Hmm, I'm not sure I'm making any sense, and that was quite a lot of speculation on my part actually. I think dissecting Intel's shared cache mechanism would easily be a full article if Intel would be so kind as to disclose how it works.

Also, I have been reading up on the Snoop filter in dual FSB chipsets and SMP (particularly how this relates to Intel's woodcrest platform and AMD's NUMA methods). Would you comment on the benefit of filtering the snoop?
My understanding of snoop filtering is fairly basic so if you've been researching I doubt I can really help you. I caveat I have though is that I don't think snoop filtering would have much benefits for a Woodcrest platform. I believe that the purpose of snoop filtering is to intercept a snoop request from say L2 cache 0 at the northbridge. Normally when cache 0 sends out a snoop request it would send it out to the 2nd bus and to the memory as well. The advantage of snoop filtering is that it'll intercept the request and if it determines that the processor(s) on the 2nd bus don't contain the cache line it'll only forward the request to RAM thereby saving the 2nd bus some bandwidth. This is very valuable for IBM in a Xeon MP setup where 2 Paxville MP dual cores may be sharing a 667MHz FSB so bandwidth is critical. It'll also be valuable to Dempsey since if the cache line cache 0 requests is in cache 1 (2nd die same processor) you'll only interrupt 1 FSB and not the 2 dies on the 2nd FSB/socket.

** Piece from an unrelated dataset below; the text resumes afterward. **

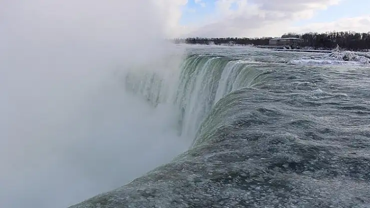 Şelaleye su taşıyan Niagara Nehri'nin yüzeyi buzlarla kaplanırken suyun düştüğü şelale yatağı da buzlardan görünmez hale geldi.

However, Woodcrest really won't see the same benefits. The shared L2 cache means that it'll never snoop back on itself on the same FSB like Dempsey does. The most it'll ever snoop is to the other shared cache on the other FSB and to the main memory. I don't see it mattering to save a bit of bandwidth on the 2nd FSB from snooping since I don't feel a dual core Woodcrest would use up all the bandwidth of a 1333MHz FSB to feel bandwidth constrained. I can see snoop filtering benefiting Cloverton though since that's a bandwidth constrained Dempsey situation.

I can't really comment on NUMA.
 
Since you're interested in snooping, I'd thought I'd pass on a tidbit that I noticed glancing over the overview of the 5000X chipset.

http://download.intel.com/design/chipsets/datashts/31307001.pdf

If you go to page 21 in the 2nd paragraph of the overview they talk about the chipsets snoop filter. As I'm sure you know the workstation 5000X appears to be the only Xeon DP chipset with a snoop filter. In this case, it's used in a very interesting manner. Intel saids their snoop filter is used to eliminate snoop traffic to the graphics port which saves bandwidth in graphics intensive applications. I knew Intel's policy was to snoop in all possible memory locations, but I had no idea they'd bother to snoop graphics card memory as well. Their use of the word "eliminate" seems to indicate that the purpose of the snoop filter is to decouple direct coherency communication between the processor cache and the graphics card to prevent all snooping from using graphics bandwidth. I have no idea whether the snoop filter also functions in the traditional sense in preventing needless traffic on the 2nd FSB and the memory subsystem.